# Relative homology

In algebraic topology, a branch of mathematics, the (singular) homology of a topological space relative to a subspace is a construction in singular homology, for pairs of spaces. The relative homology is useful and important in several ways. Intuitively, it helps determine what part of an absolute homology group comes from which subspace.

## Definition

Given a subspace ${\displaystyle A\subset X}$, one may form the short exact sequence

${\displaystyle 0\to C_{\bullet }(A)\to C_{\bullet }(X)\to C_{\bullet }(X)/C_{\bullet }(A)\to 0}$

where ${\displaystyle C_{\bullet }(X)}$ denotes the singular chains on the space X. The boundary map on ${\displaystyle C_{\bullet }(X)}$ leaves ${\displaystyle C_{\bullet }(A)}$ invariant and therefore descends to a boundary map on the quotient. The corresponding homology is called relative homology:

${\displaystyle H_{n}(X,A)=H_{n}(C_{\bullet }(X)/C_{\bullet }(A)).}$

One says that relative homology is given by the relative cycles, chains whose boundaries are chains on A, modulo the relative boundaries (chains that are homologous to a chain on A, i.e. chains that would be boundaries, modulo A again).

## Properties

The above short exact sequences specifying the relative chain groups gives rise to a chain complex of short exact sequences. An application of the snake lemma then yields a long exact sequence

${\displaystyle \cdots \to H_{n}(A)\to H_{n}(X)\to H_{n}(X,A){\stackrel {\delta }{\to }}H_{n-1}(A)\to \cdots .}$

The connecting map δ takes a relative cycle, representing a homology class in Hn(X, A), to its boundary (which is a cycle in A).

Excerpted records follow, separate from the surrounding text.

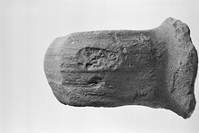 | Description: | Broad; ribbed; rises and curves down abruptly close to neck. Coarse clay, somewhat micaceous; red, greyish at core; dark wash (vestiges). Impression incomplete on right end. | |
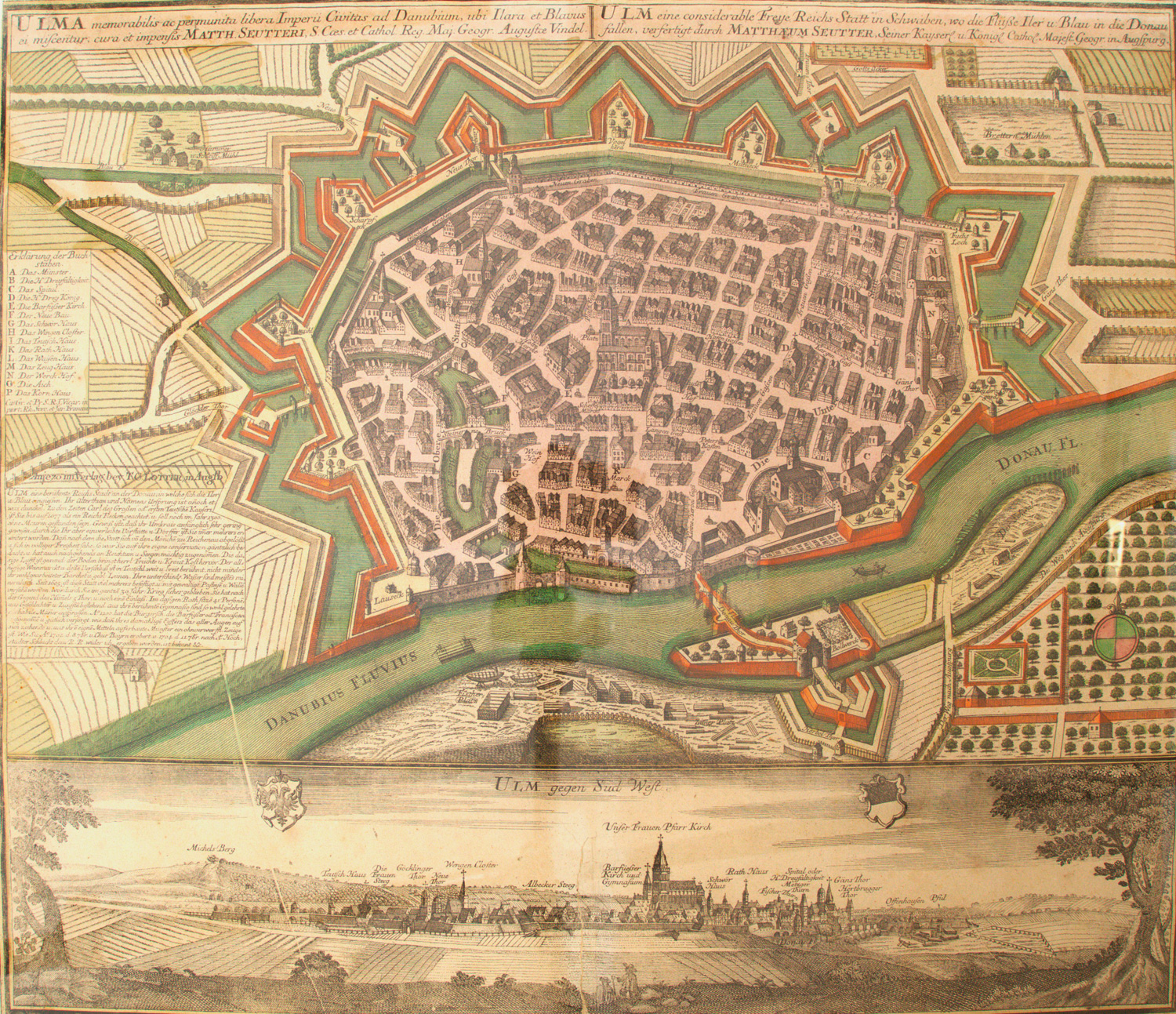 Seutter, Matthäus. Ulma memorabilis ac permunita libera imperii civitas ad danubium. Kolorierter Kupferstich, von zwei Platten gedruckt und zusammenmontiert. 50 x 57 cm (Darstellung). Mit Passepartout unter Glas in goldlackiertem-ornamentalen Holzrahmen (dieser mit kleinen Ausbrüchen). Augsburg um 1740.
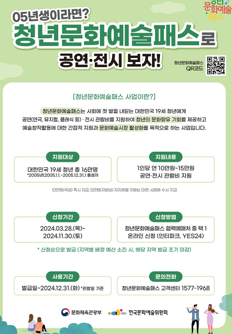 청소년문화예술패스는 대한민국 만 19세를 위한 연극, 뮤지컬, 클래식 콘서트, 전시회 등 공연 관람료를 지원하는 프로그램입니다. 이는 청년들의 예술과 문화 참여를 장려하는 동시에 지역 예술 시장을 지원하기 위한 정부 지원 이니셔티브입니다.
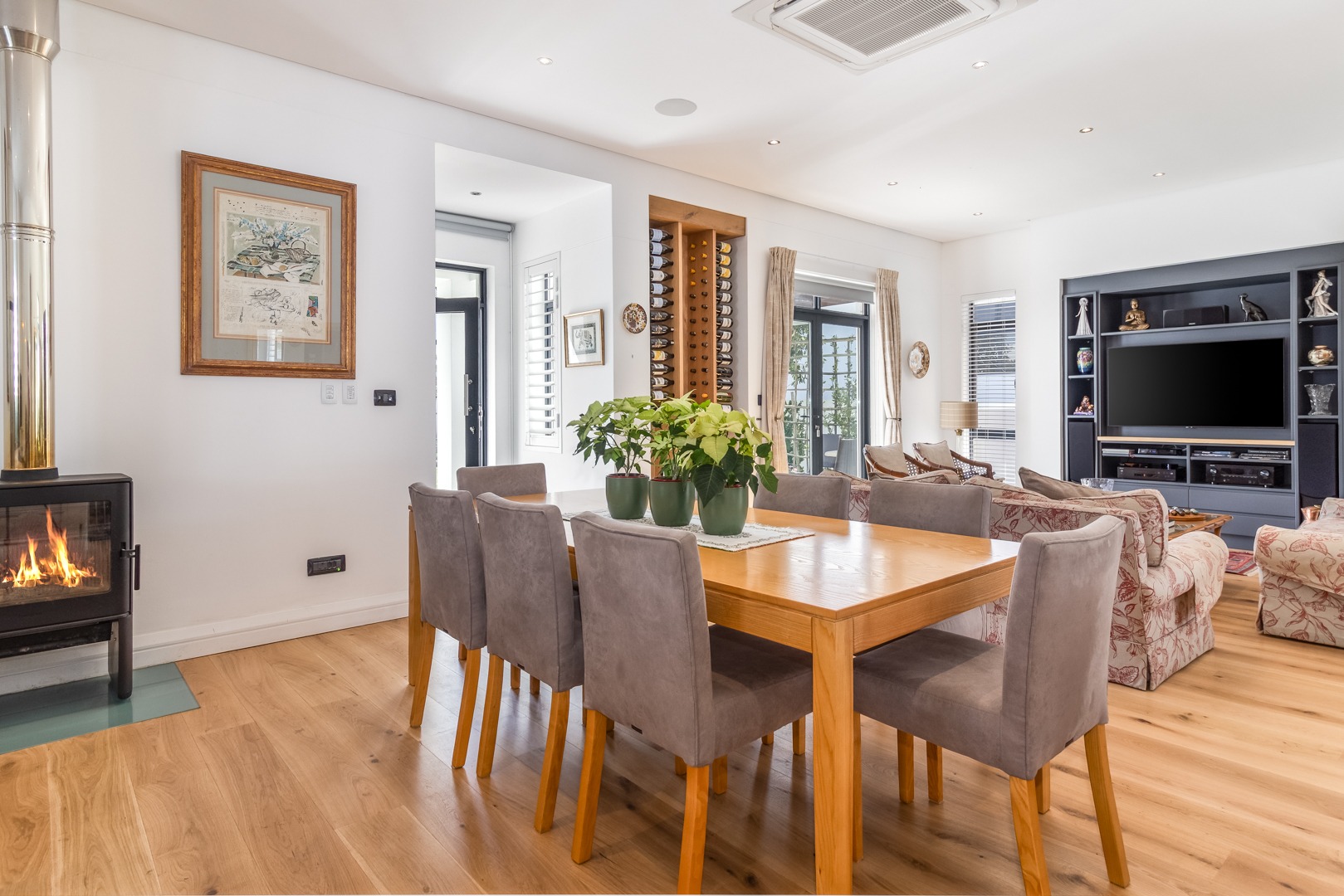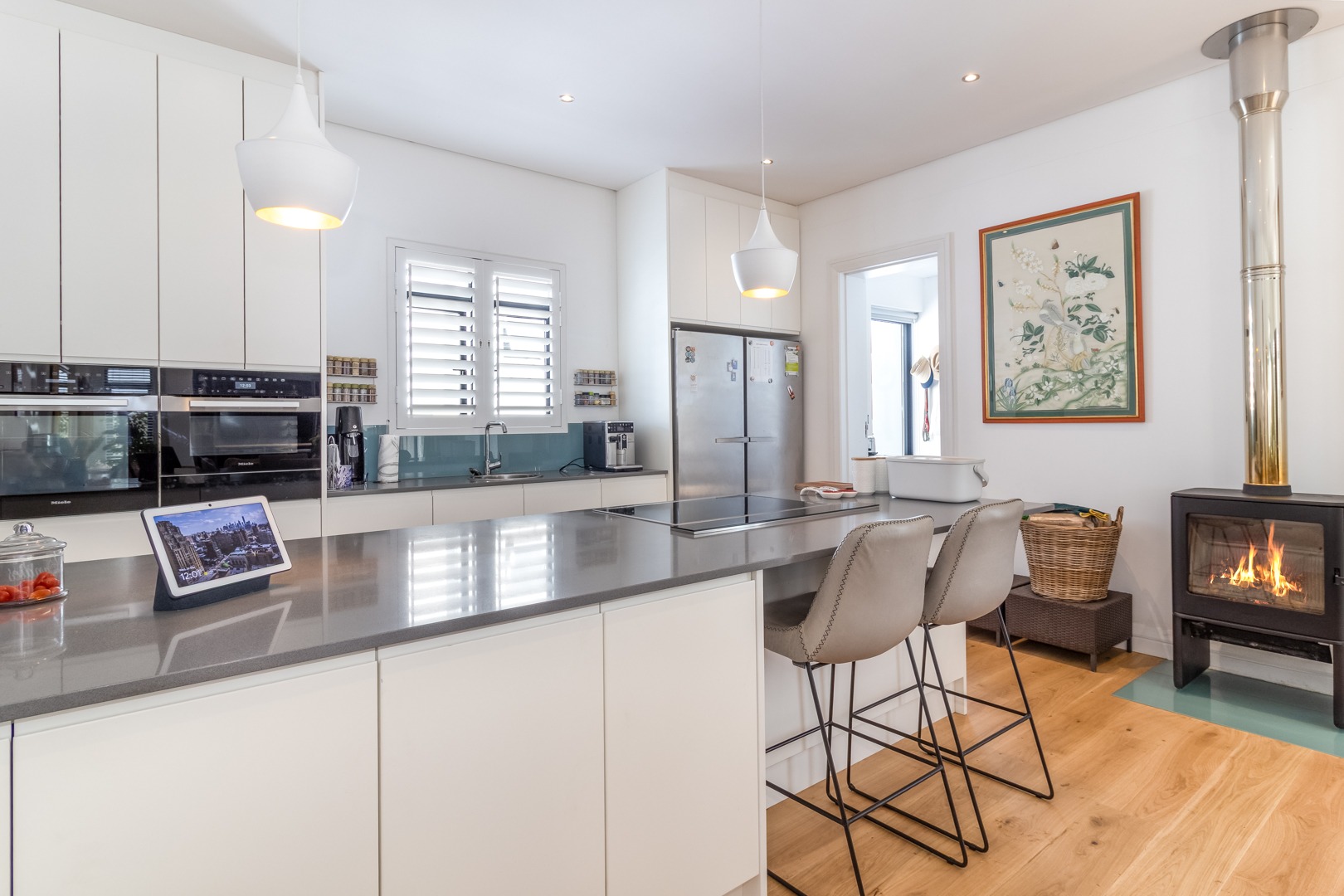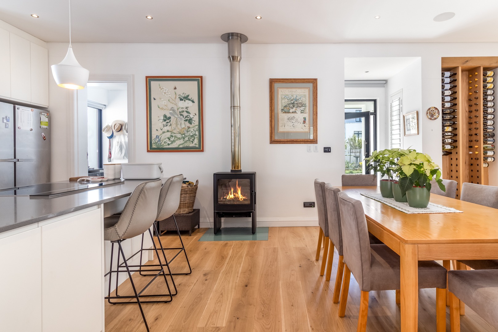 The open plan lounge and dining room areas are warm and inviting, featuring hardwood flooring throughout and a slow combustion fireplace, ensuring comfort in all seasons. The kitchen is expertly appointed with a sleek contemporary design, complemented by elegant Caesarstone countertops, Miele appliances and separate scullery.

It follows that Hn(X, x0), where x0 is a point in X, is the n-th reduced homology group of X. In other words, Hi(X, x0) = Hi(X) for all i > 0. When i = 0, H0(X, x0) is the free module of one rank less than H0(X). The connected component containing x0 becomes trivial in relative homology.

The excision theorem says that removing a sufficiently nice subset ZA leaves the relative homology groups Hn(X, A) unchanged. Using the long exact sequence of pairs and the excision theorem, one can show that Hn(X, A) is the same as the n-th reduced homology groups of the quotient space X/A.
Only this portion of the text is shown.